A highly sophisticated Mac malware called “Realst” is at the center of a large-scale campaign aimed at Apple computers, including macOS 14 Sonoma, the upcoming OS version.
The malware, discovered by security researcher iamdeadlyz, is cleverly disguised as fake blockchain games such as Brawl Earth and WildWorld, distributed to both Windows and macOS users through social media channels. Access codes are shared via direct messages to target specific victims, while security researchers trying to uncover malicious behavior are kept at bay.
Once installed, the malware acts as an information-stealing agent, with different variants targeting Windows and macOS devices. Realst on macOS specifically infiltrates systems as PKG installers or DMG disk files, masquerading as game clients.
It cleverly steals sensitive data, including browser information and cryptocurrency wallet data, transmitting it back to the malicious actors.

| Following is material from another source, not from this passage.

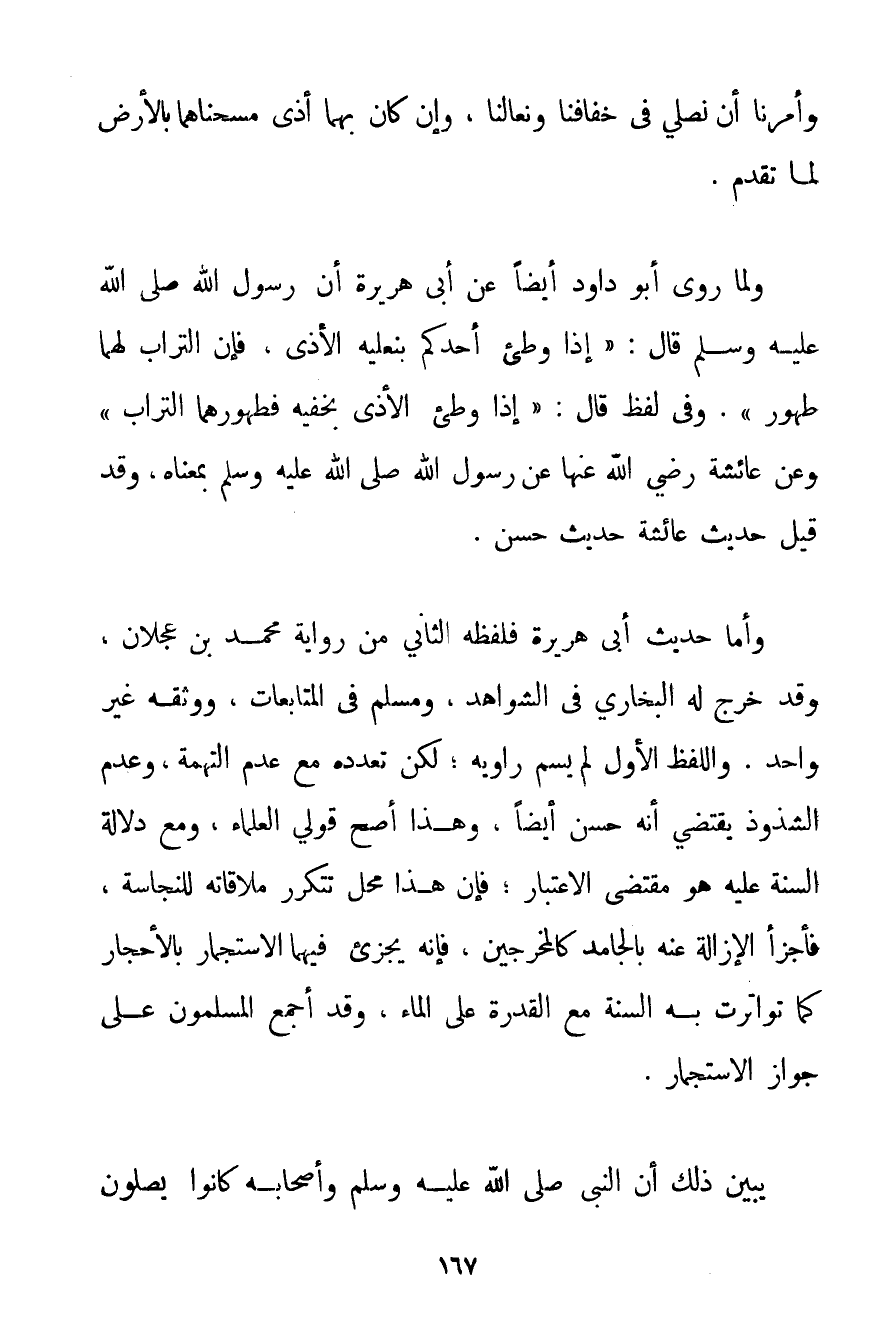 وَأُمِرْنَا أَنْ نُصَلِّيَ فِي خِفَافِنَا وَنِعَالِنَا وَإِنْ كَانَ بِهِمَا أَذًى مَسَحْنَاهُمَا بِالْأَرْضِ لِمَا تَقَدَّمَ. وَلِمَا رَوَى أَبُو دَاوُد أَيْضًا عَنْ أَبِي هُرَيْرَةَ أَنَّ رَسُولَ اللَّهِ صَلَّى اللَّهُ عَلَيْهِ وَسَلَّمَ قَالَ: " {إذَا وَطِئَ أَحَدُكُمْ بِنَعْلَيْهِ الْأَذَى فَإِنَّ التُّرَابَ لَهُمَا طَهُورٌ} . وَفِي لَفْظٍ قَالَ: " {إذَا وَطِئَ الْأَذَى بِخُفَّيْهِ فَطَهُورُهُمَا التُّرَابُ} وَعَنْ عَائِشَةَ رَضِيَ اللَّهُ عَنْهَا عَنْ رَسُولِ اللَّهِ صَلَّى اللَّهُ عَلَيْهِ وَسَلَّمَ بِمَعْنَاهُ وَقَدْ قِيلَ حَدِيثُ عَائِشَةَ حَدِيثٌ حَسَنٌ. وَأَمَّا حَدِيثُ أَبِي هُرَيْرَةَ فَلَفْظُهُ الثَّانِي مِنْ رِوَايَةِ مُحَمَّدِ بْنِ عَجْلَان وَقَدْ خَرَّجَ لَهُ الْبُخَارِيُّ فِي الشَّوَاهِدِ وَمُسْلِمٌ فِي الْمُتَابَعَاتِ وَوَثَّقَهُ غَيْرُ وَاحِدٍ. وَاللَّفْظُ الْأَوَّلُ لَمْ يُسَمَّ رَاوِيهِ؛ لَكِنَّ تَعَدُّدَهُ مَعَ عَدَمِ التُّهْمَةِ وَعَدَمِ الشُّذُوذِ يَقْتَضِي أَنَّهُ حَسَنٌ أَيْضًا وَهَذَا أَصَحُّ قَوْلِي الْعُلَمَاءِ وَمَعَ دَلَالَةِ السُّنَّةِ عَلَيْهِ هُوَ مُقْتَضَى الِاعْتِبَارِ؛ فَإِنَّ هَذَا مَحَلٌّ تَتَكَرَّرُ مُلَاقَاتُهُ لِلنَّجَاسَةِ فَأَجْزَأَ الْإِزَالَةَ عَنْهُ بِالْجَامِدِ كَالْمَخْرَجَيْنِ فَإِنَّهُ يُجْزِئُ فِيهِمَا الِاسْتِجْمَارُ بِالْأَحْجَارِ كَمَا تَوَاتَرَتْ بِهِ السُّنَّةُ مَعَ الْقُدْرَةِ عَلَى الْمَاءِ وَقَدْ أَجْمَعَ الْمُسْلِمُونَ عَلَى جَوَازِ الِاسْتِجْمَارِ. يُبَيِّنُ ذَلِكَ أَنَّ النَّبِيَّ صَلَّى اللَّهُ عَلَيْهِ وَسَلَّمَ وَأَصْحَابَهُ كَانُوا يُصَلُّونَ

SentinelOne’s analysis revealed 16 distinct variants of the Realst malware, pointing to ongoing and rapid development. The malware employs various tactics to obtain user passwords, including AppleScript spoofing and osascript tricks, while specifically targeting popular browsers like Firefox, Chrome, and Opera. Interestingly, the malware’s code already contains references to macOS 14 Sonoma, indicating that its creators are gearing up for compatibility with Apple’s forthcoming OS release.
Users are warned to exercise caution with blockchain games, as attackers exploit Discord channels and “verified” Twitter accounts to create an illusion of legitimacy. Since the primary target seems to be cryptocurrency users, the threat actors’ main objective is likely to steal valuable crypto wallets and their contents, leading to potentially devastating consequences for victims.
Mac users are urged to remain vigilant and take necessary precautions to safeguard their devices and sensitive information.